I SAID AREN’T YOU FUCKING TIRED
If posting fic online has taught me anything, it’s that I have no idea how the reader will react to anything. Nada. Zip. Zilch. Not the faintest clue.
Fics that I think I scribbled off just to get them out there get the kindest, most rapturous feedback. Fics I slaved over, agonized over, bled my soul into get a couple tepid replies. Fics I thought were me revealing the darkness and weird kink that lives in my brain, scared to even post it for fear of judgement, get, “Aaaw that’s so sweet!” replies. Baffling.
My conclusion? You just never know. You really just can’t know. When I did a workshop with 20 other writers I would try to guess what their critique of my story would be and I was right maybe 1 in 20 times. Only one other writer would have the same critique for my story that I had. And it wasn’t even always the same person.

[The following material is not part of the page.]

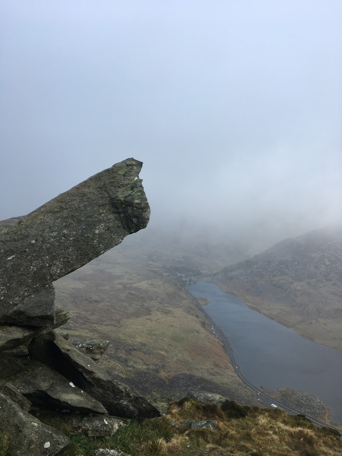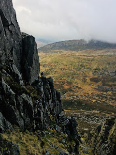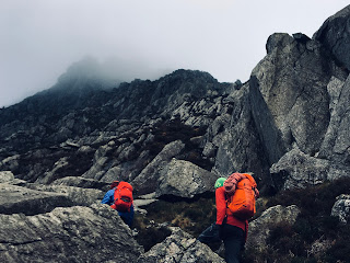 While Aled stayed out on the crest, my team moved into the gully on the left of the ridge to try and gain a little shelter and be able to move faster – it was not a day for three people to be hanging around on small ledges. At the top of the climbs, we regrouped on the North Ridge. The mist was down and rain threatened to fall at any moment. We decided to give the summit a miss and descend the North Ridge instead.

The encouraging part about this is, if self recrimination, the fear that you know what people won’t like about your story, is holding you back, just say fuck it! You’re almost certainly wrong! All you can do is make it the best story you can for the energy you have. And yeah, sometimes that means scribbling it out in an evening and kicking it out to the void of the internet before you can change your mind or worry about editing it more than once because then you’ll never post it.
It’s all chaos, man. You don’t get to decide what the audience thinks. All you can do is create it and put it out there for them to decide.
And you will never know what they're going to think.
The message, therefore, becomes:
Find your story and tell it, and don't allow yourself to be affected by what you think other people will think of it.
Is this tough? OF COURSE IT FUCKING IS. All our damn lives we're taught to second-guess our own narratives with an eye to what other people will make, or think, of them. (And twice as hard if we're women, because of the ruthless socialization to which we're subjected.)
But your vision is the single thing that's the most perfectly yours in the whole world. And when you're writing, the experience of putting down on paper (or in electrons) what you see and feel, your own true take on the world's reality, is the closest to perfect freedom—as you tell the story that is uniquely yours—that you will ever get.
The Deity itself is waiting on you for that story. No one else can tell it. No one else shares the unique psychological and life-experience coordinates, the unique temporospatial spot, from which it's being told. Nothing in this whole physical universe can compare. This whole universe will be lesser without your story, told.